NYMC Faculty Publications

Repeated Measures Regression in Laboratory, Clinical and Environmental Research: Common Misconceptions in the Matter of Different Within- and Between-Subject Slopes

DOI

10.3390/ijerphc16030504

Journal Title

International Journal of Environmental Research and Public Health

First Page

E504

Document Type

Article

Publication Date

February 2019

Department

Public Health

Abstract

When using repeated measures linear regression models to make causal inference in laboratory, clinical and environmental research, it is typically assumed that the within-subject association of differences (or changes) in predictor variable values across replicates is the same as the between-subject association of differences in those predictor variable values. However, this is often false. For example, with body weight as the predictor variable and blood cholesterol (which increases with higher body fat) as the outcome: (i) a 10-lb weight increase in the same adult affects more greatly an increase in cholesterol in that adult than does (ii) one adult weighing 10 lbs more than a second indicate higher cholesterol in the heavier adult. A 10-lb weight gain in the first adult more likely reflects a build-up of body fat in that person, while a second person being 10 lbs heavier than the first could be influenced by other factors, such as the second person being taller.

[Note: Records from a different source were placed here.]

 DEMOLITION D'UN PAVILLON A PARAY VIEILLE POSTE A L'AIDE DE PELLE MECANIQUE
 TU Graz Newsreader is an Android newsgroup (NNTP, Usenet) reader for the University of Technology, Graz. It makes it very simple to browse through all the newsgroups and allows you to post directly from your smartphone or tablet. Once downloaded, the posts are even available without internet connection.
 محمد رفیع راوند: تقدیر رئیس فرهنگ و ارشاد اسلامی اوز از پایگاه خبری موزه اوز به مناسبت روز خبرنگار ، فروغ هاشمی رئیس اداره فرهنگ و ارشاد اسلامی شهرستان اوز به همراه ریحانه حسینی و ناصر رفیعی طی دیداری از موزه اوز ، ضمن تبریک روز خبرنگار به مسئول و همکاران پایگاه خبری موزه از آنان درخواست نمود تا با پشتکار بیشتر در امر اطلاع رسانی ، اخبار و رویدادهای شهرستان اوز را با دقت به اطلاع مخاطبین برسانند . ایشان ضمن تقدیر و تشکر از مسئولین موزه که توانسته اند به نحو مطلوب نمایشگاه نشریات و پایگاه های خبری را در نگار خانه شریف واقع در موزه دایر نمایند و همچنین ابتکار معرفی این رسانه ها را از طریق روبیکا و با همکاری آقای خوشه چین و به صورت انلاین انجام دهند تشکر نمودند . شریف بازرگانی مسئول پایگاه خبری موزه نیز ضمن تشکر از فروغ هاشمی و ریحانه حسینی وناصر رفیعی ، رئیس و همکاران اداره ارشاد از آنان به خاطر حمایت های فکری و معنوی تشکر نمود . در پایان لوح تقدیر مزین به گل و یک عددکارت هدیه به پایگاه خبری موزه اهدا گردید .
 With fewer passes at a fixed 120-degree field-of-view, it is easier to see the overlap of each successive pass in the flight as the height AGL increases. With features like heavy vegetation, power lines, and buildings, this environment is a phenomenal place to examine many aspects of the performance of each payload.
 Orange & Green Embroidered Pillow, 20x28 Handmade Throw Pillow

Hence, to make causal inferences, different within- and between-subject slopes should be separately modeled. A related misconception commonly made using generalized estimation equations (GEE) and mixed models on repeated measures (i.e., for fitting cross-sectional regression) is that the working correlation structure only influences variance of the parameter estimates. However, only independence working correlation guarantees that the modeled parameters have interpretability. We illustrate this with an example where changing working correlation from independence to equicorrelation qualitatively biases parameters of GEE models and show that this happens because within- and between-subject slopes for the outcomes regressed on the predictor variables differ. We then systematically describe several common mechanisms that cause within- and between-subject slopes to differ: change effects, lag/reverse-lag and spillover causality, shared within-subject measurement bias or confounding, and predictor variable measurement error. The misconceptions we describe should be better publicized. Repeated measures analyses should compare within- and between-subject slopes of predictors and when they do differ, investigate the causal reasons for this.